Step 5. When the washing machine has completed all of its cycles, the garments are removed from the washing machine

Claims (10)

What is claimed is:

1. A method of laundering soiled textile articles in a washing apparatus characterized by the steps of:
(a) adding a granular detergent composition characterized by of an effervescence granule and a detergent matrix to water to form an aqueous wash liquor characterized by from 400 ppm to 600000 ppm of the granular detergent composition, wherein the effervescence granule is characterized by an alkali-source and an acid-source and upon contact of the granular detergent composition with water a reaction occurs between the alkali-source and the acid-source occurs to produce an effervescent gas; and (b) distributing substantially evenly and completely onto the textile articles in their substantially dry state a cleaning-effective amount of the wash liquor;
wherein step (b) is performed simultaneously with or subsequently to step (a).

2. A method according to claim 1 wherein the method further is characterized by the steps of:
(c) rinsing the textile articles with a quantity of water sufficient to produce enough free water on the surface of the textile to form a rinse liquor characterized by suspended soil, suspended wash liquor and suspended undissolved detergent composition; and (d) separating the rinse liquor from the textile articles.

3. A method according to any of claims 1-2 wherein the cleaning-effective amount of the wash liquor is at least just enough to distribute the wash liquor substantially evenly and completely onto said textiles.

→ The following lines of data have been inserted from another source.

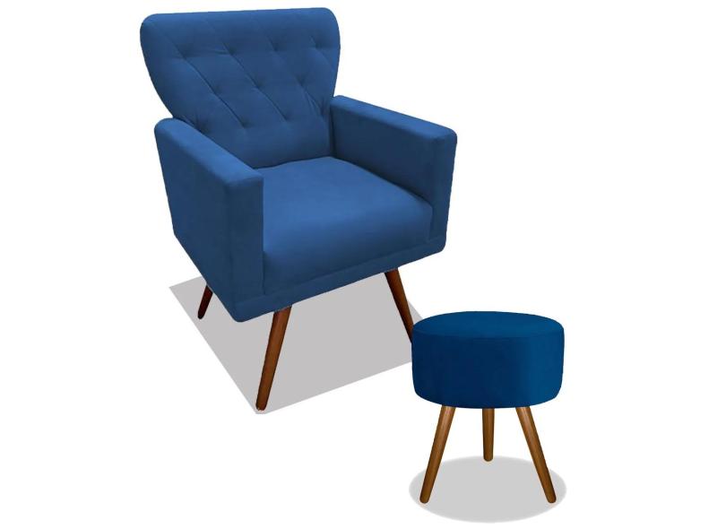 O menor preço encontrado no Brasil para Combo Poltrona Decorativa Julieta Com Puff Redondo Pés Madeira Suede Marinho atualmente é R$ 417,34.
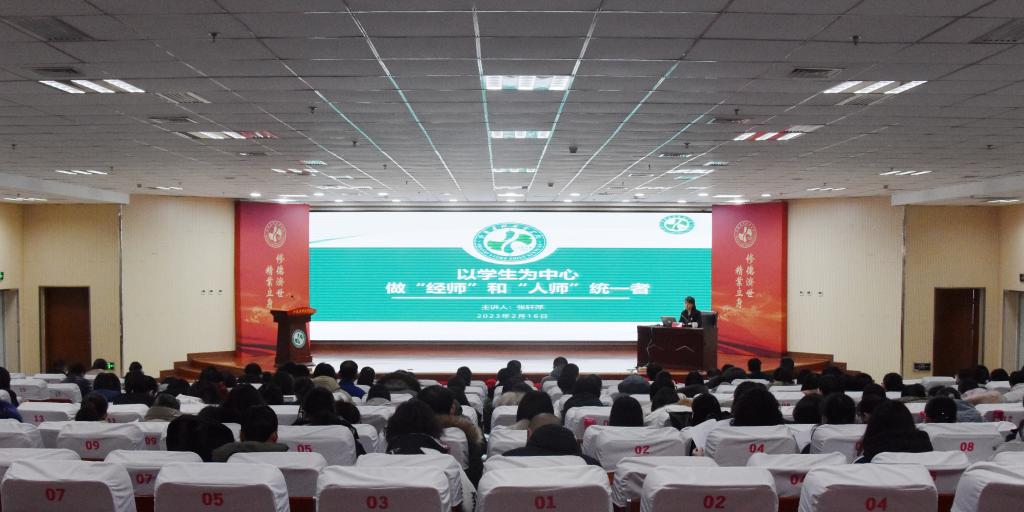 为进一步提升教职工道德素养与专业水平,规范教职工教学行为,2月16日上午,院党委副书记、院长张轩萍为全体教职工作了题为《以学生为中心,做“经师”与“人师”统一者》的专题培训,培训会由院党委委员、副院长刘志伟主持。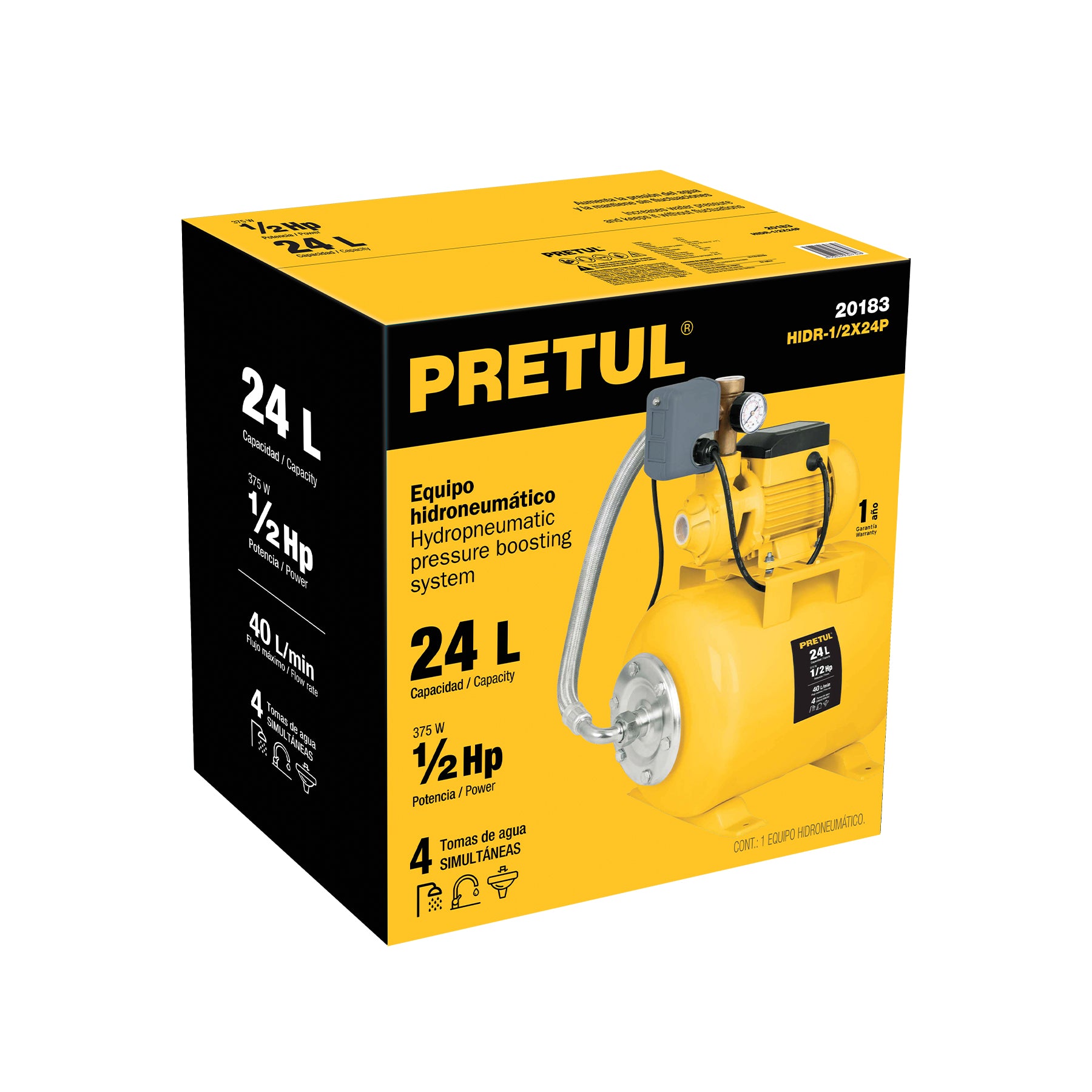 Bomba hidroneumática 1/2 HP, 24 litros, Pretul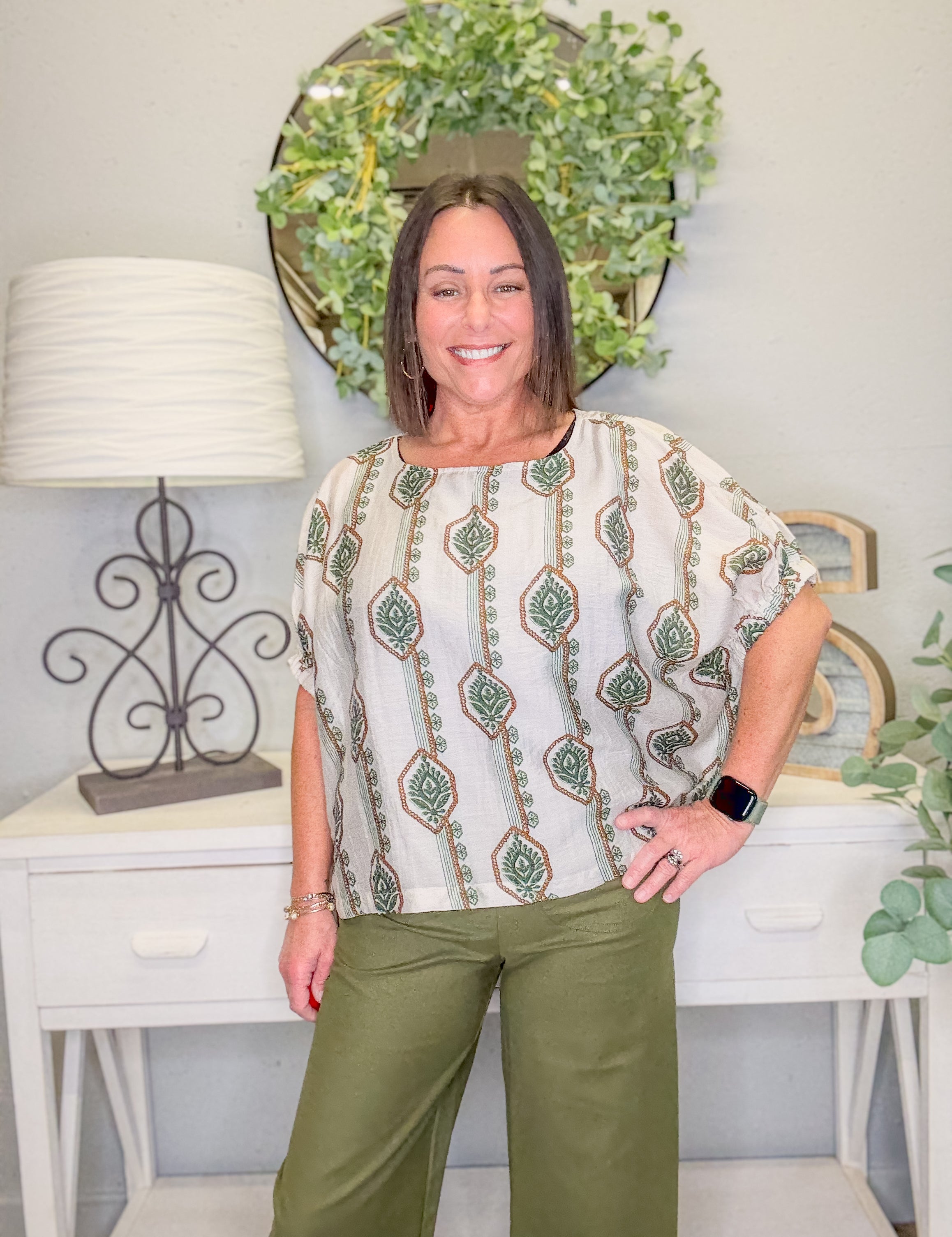 Geometric Floral Printed Elastic Cuff Blouse

4. A method according to any of claims 1-3 wherein before step (a), the process further is characterized by the steps of:
(i) applying a pretreatment solution directly to a stain covering a localized area of one of the textile articles;
(ii) concurrently with step (i), applying mechanical action to the stain; and (iii) optionally, rinsing the pretreatment solution off the localized area of one of the textile articles.

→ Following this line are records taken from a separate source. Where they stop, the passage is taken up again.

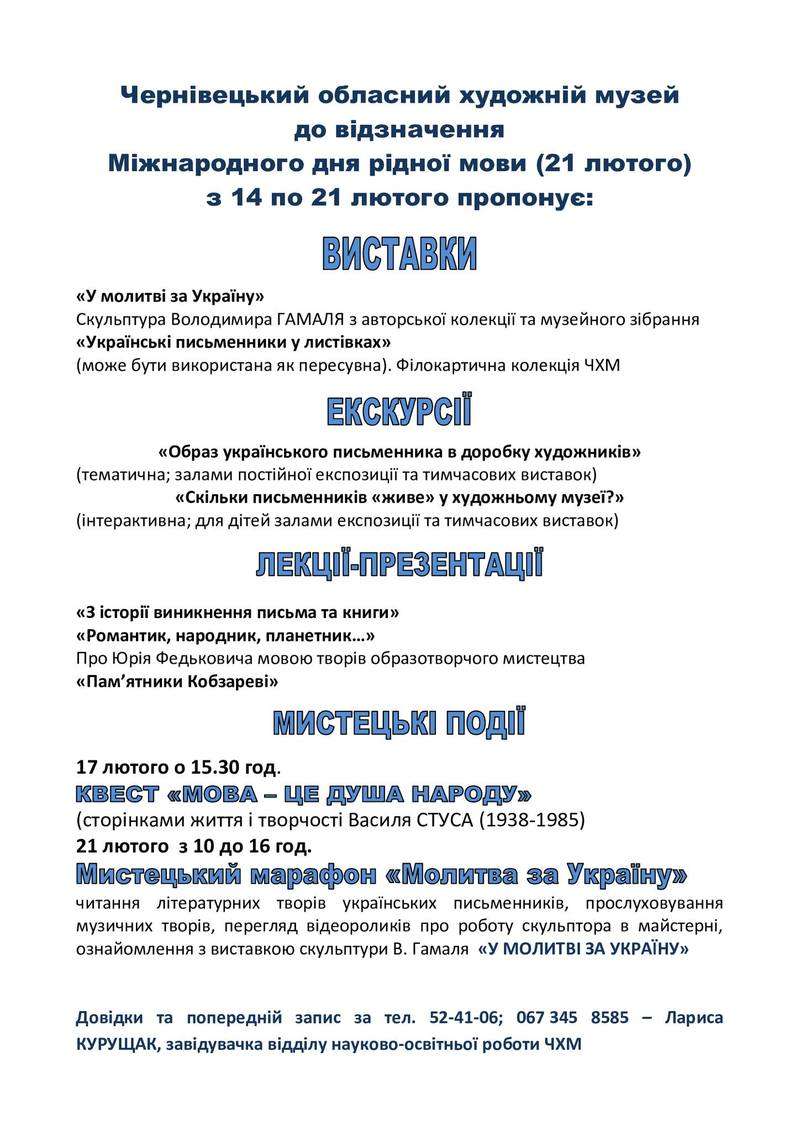 До Міжнародного дня рідної мови Чернівецький обласний художній музей підготував для чернівчан та гостей міста мистецькі заходи, які відбуватимуться упродовж тижня, з 14 по 21 лютого.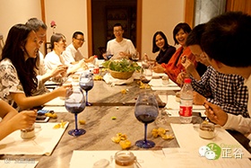 海阔天空一番交谈之后送上了正谷月饼。"今年的月饼从饼皮到馅料,都是我们自己挑的。选用了咱们的白芸豆豆粉做成的桃山皮来代替糖浆皮,低糖少油,不腻口。"张建伟笑着把月饼递到每个人手里,"澳洲进口的牛肉、瑞士的巧克力、加州的干果,再配上绿豆蓉做了三种口味,你们看看喜欢哪种?"咬一口月饼,牛肉馅的充满细腻而劲道的口感,干果杂粮馅有谷物特有的健康香气,而巧克力馅的颗粒甜而不腻,真有点难以取舍。吃着代表团圆的月饼,中秋的感觉仿佛一下子提前到来了。大家又聊了几句老友初识时的情景,忽而都有点感慨万千。"一晃都多少年了。不过还能聚在一起这么开心地聊天吃饭,真该庆祝。"感叹中是酒杯碰在一起的声音。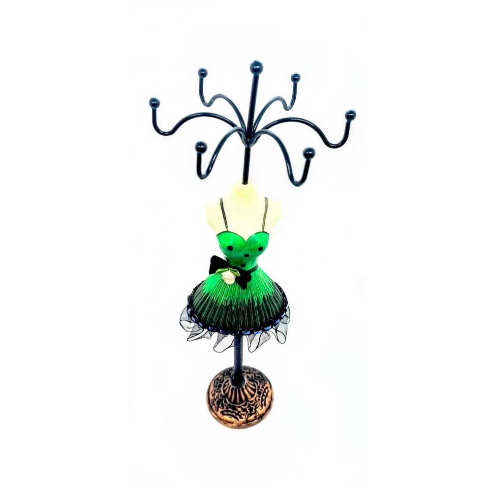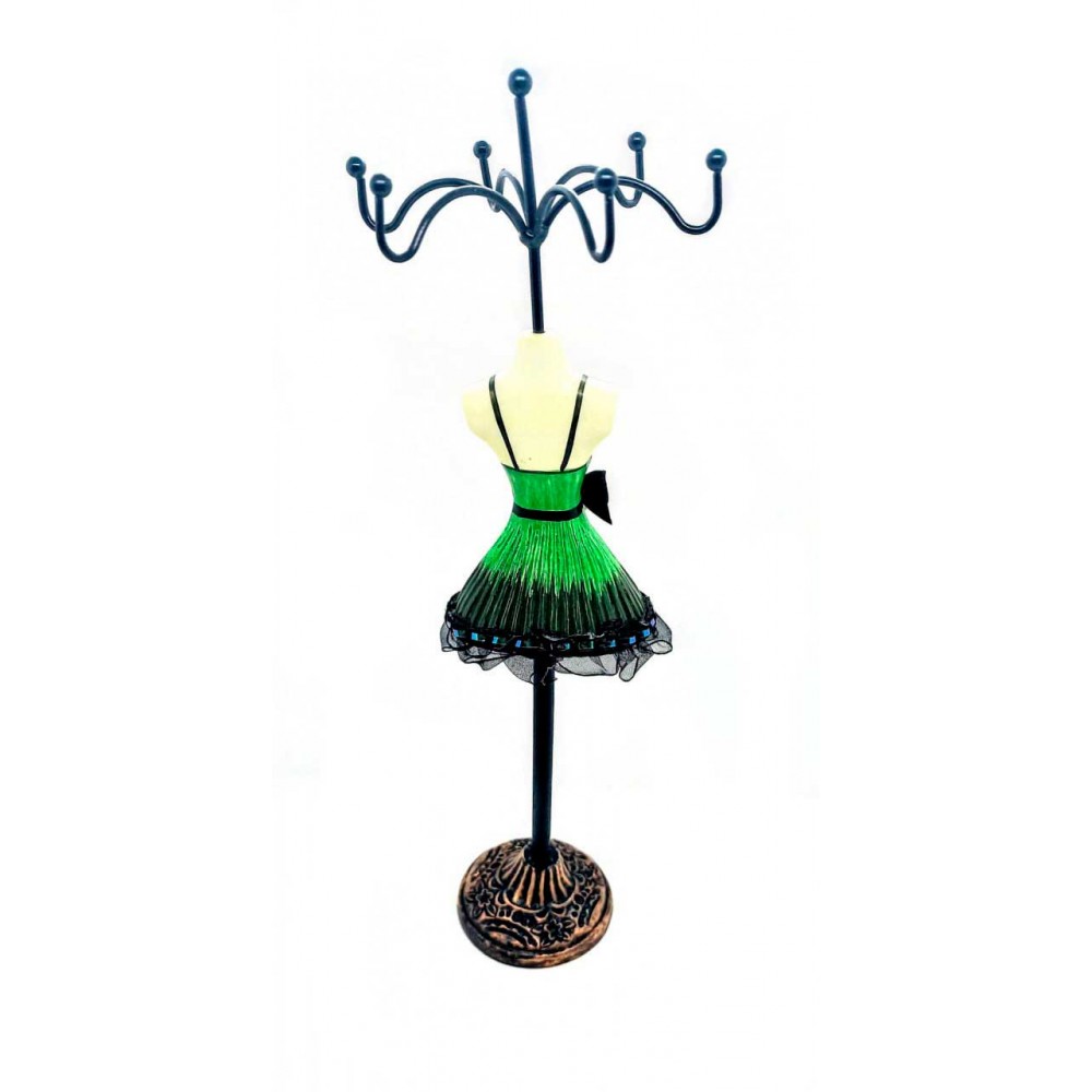 Это замечательный держатель для драгоценностей в форме очаровательной женской фигуры с высотой 275 мм. Фигура украшена ярким платьем, что делает ее неповторимой и стильной. Этот держатель прекрасно подходит для любого стола или комода. Он станет прекрасным дополнением к вашему интерьеру. Держатель идеально подходит для хранения различных драгоценностей, таких как кольца, серьги и бусины. Этот удобный и яркий держатель позволит хранить ваши любимые драгоценности в одном месте и сохранить их от повреждений и потерь.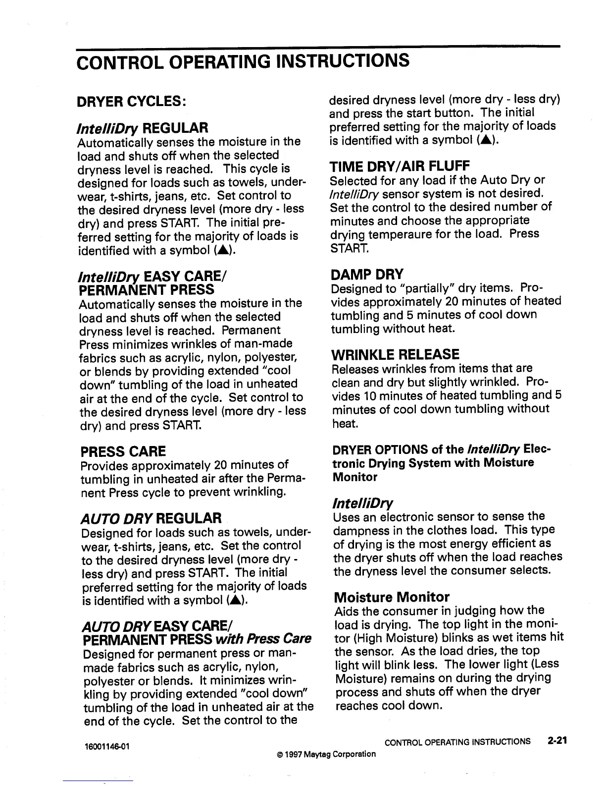 Maytag LD5004 - Time Dry;Air Fluff; Dryer Cycles; Moisture Monitor; Auto Dry Regular

5. A method according to any of claims 1-4 wherein the detergent matrix is characterized by surfactant, builder and enzyme detergent ingredients.

6. A method according to any of claims 1-5 wherein the acid-source is selected from the group consisting of organic, mineral or inorganic acids, salts of the acids, derivatives of the acids and the salts, and mixtures thereof; and wherein the alkali-source is selected from the group consisting of carbonates, bicarbonates, sesquicarbonates, percarbonates and mixtures thereof.

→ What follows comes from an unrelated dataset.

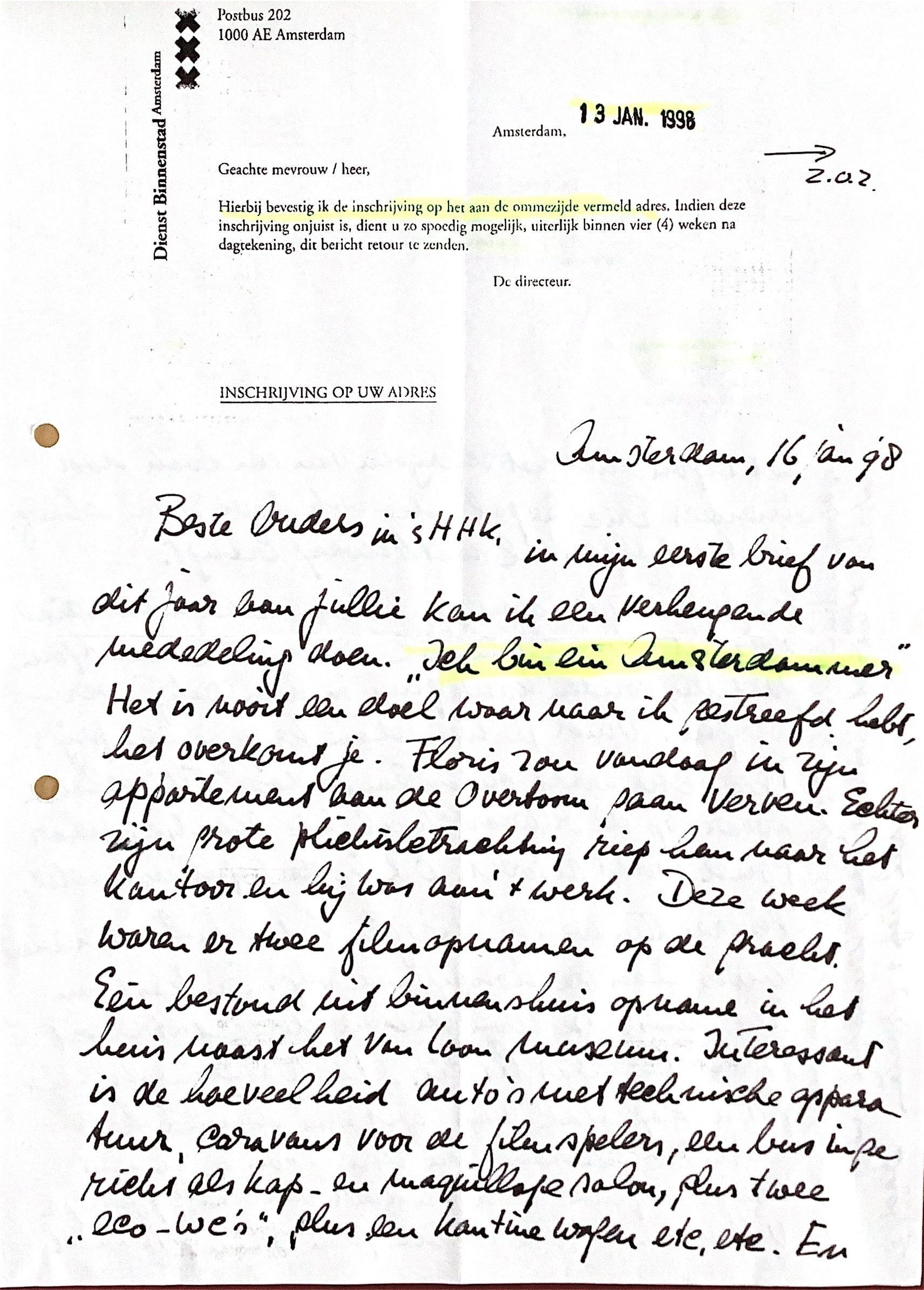 Hierbij bevestig ik de inschrijving (in het gemeentelijk register, ADD) aan het ommezijde vermelde adres (Keizersgracht 702 D; ADD) etc.

7. A method according to any of claims 1-6 wherein the cleaning-effective amount of the wash liquor is from 45 liters to 100 liters.

8. A method according to any of claims 1-7 wherein:
a drum is disposed within the washing apparatus and the water of step (a) is introduced into the drum; and step (b) is commenced after the water level in the drum has reached a height of 0.5 cm, preferably 5 cm, more preferably 30 cm, as measured from the base of the drum.

9. An article of manufacture characterized by a granular detergent composition packaged in association with instructions for use in a method of laundering soiled textile articles, wherein the instructions comprise the steps of:
(a) mixing water and a granular detergent composition characterized by of an effervescence granule and a detergent matrix to form an aqueous wash liquor characterized by from 400 ppm to 600000 ppm of the granular detergent composition; and (b) subsequent to step (a), distributing substantially evenly and completely onto the textile articles in their substantially dry state a cleaning-effective amount of the wash liquor.

10. An article of manufacture according to any of claims 1-9 wherein the effervescence granule is characterized by an alkali-source and an acid-source and upon contact of the granular detergent composition with water a reaction occurs between the alkali-source and the acid-source occurs to produce an effervescent gas.